Speaking of gastroesophageal reflux, We mention one of them Digestive disorders Very common in the world. When does it happen? when Acid reflux of Stomach Return often esophagus, It connects the mouth Stomach This regression, sustained over time, can irritation The lining of this muscular tube causes the above disease.
Most patients can control this pathology with lifestyle changes and, if necessary, medications prescribed by a specialist. In turn, others may need one Surgery to relieve symptoms, but this is rare.
From the renowned British Health Centre Mayo Clinic Delving into this pathology, he warned that it is not just a feeling of acidity. “Gastroesophageal reflux disease occurs when acid and chemicals damage the lining of the esophagus. “Some people with this condition may feel a lump in the throat, have difficulty swallowing, chest pain, cough, or worsening asthma symptoms,” James East, one of the company’s gastroenterologists, said in a statement.
Second, East added: “Complications of reflux disease include esophagitis and inflammation of the lower esophagus. If this continues, the person may develop scarring and narrowing or narrowing of the esophagus. If this continues and heals, the lining of the esophagus can become acid-resistant, known as Barrett’s esophagus.” Known, this is the most common complication of reflux disease.”
Barrett’s esophagus, also known as East, is a condition in which the lining of the esophagus is damaged by reflux of gastric acid. This causes the lining to thicken and become red. Over time, the valve between the esophagus and stomach can begin to malfunction, allowing acid and chemicals to damage the lining of this muscular tube. “In some people, this condition can cause changes in the cells in the lower part of the esophagus, causing Barrett’s esophagus,” they said from the Mayo Clinic.
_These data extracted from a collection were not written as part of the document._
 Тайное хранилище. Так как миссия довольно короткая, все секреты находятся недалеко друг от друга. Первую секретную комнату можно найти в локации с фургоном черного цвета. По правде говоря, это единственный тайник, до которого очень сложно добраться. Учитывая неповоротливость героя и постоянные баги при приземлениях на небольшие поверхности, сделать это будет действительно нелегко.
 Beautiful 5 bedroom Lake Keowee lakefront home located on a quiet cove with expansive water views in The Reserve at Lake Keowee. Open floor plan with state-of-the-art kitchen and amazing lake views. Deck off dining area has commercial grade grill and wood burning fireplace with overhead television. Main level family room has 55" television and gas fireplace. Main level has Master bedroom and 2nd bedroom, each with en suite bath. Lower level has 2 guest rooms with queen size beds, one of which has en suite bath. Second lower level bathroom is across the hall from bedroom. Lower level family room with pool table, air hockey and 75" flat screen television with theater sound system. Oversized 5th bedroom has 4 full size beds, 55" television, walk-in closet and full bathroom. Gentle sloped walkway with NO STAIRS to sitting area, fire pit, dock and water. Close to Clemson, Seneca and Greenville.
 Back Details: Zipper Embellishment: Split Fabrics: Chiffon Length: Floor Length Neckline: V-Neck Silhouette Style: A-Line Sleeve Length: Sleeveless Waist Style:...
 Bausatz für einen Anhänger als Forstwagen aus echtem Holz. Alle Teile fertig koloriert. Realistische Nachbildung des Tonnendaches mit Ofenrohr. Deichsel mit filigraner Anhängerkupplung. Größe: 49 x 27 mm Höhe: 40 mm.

Although heartburn is one of the symptoms, many people with Barrett’s esophagus have no symptoms. As they present in their report, those who present the greatest risk of suffering from this pathology are white men over the age of 50; People with a family history of Barrett’s esophagus or esophageal cancer; Smokers; People with excess abdominal fat; and sufferers of reflux symptoms for more than five years.
“If a person has these three risk factors, they should have a screening endoscopy to rule out Barrett’s esophagus,” East added. Testing for this condition involves inserting a thin tube with a camera called an endoscope down the throat to look for signs of changes in the tissue of the esophagus. Then, a biopsy of the removed tissue is usually performed to confirm the diagnosis. It is important to clarify that a positive result in these tests does not mean that the risk is developing Cancer Esophagus.
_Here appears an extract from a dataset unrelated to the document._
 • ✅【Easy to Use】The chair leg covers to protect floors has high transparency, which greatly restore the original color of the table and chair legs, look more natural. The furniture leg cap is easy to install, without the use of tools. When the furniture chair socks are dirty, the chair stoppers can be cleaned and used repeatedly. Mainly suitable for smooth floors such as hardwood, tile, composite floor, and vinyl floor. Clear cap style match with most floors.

“Even though the risk of cancer is low, it’s important for people with Barrett’s esophagus to have regular checkups to check for precancerous cells,” East said. He added: “Barrett’s esophagus affects 10% to 15% of people with reflux disease: 1 in 200 patients with Barrett’s esophagus will develop adenocarcinoma (cancer) of the esophagus each year.”
As explained by a gastroenterologist, “The stomach is designed to deal with high acidity. However, the esophagus is not designed to handle acid. So when the acid comes back up, that acid reflux damages the cells and replaces the cells that are more resistant to the acid that causes Barrett’s esophagus.”
Finally, the expert noted, “There are new treatments and medications for reflux disease, such as proton pump inhibitors.” In principle, stimulants such as coffee, alcohol and smoking should be avoided. And if someone has severe or frequent reflux disease, they should see a doctor.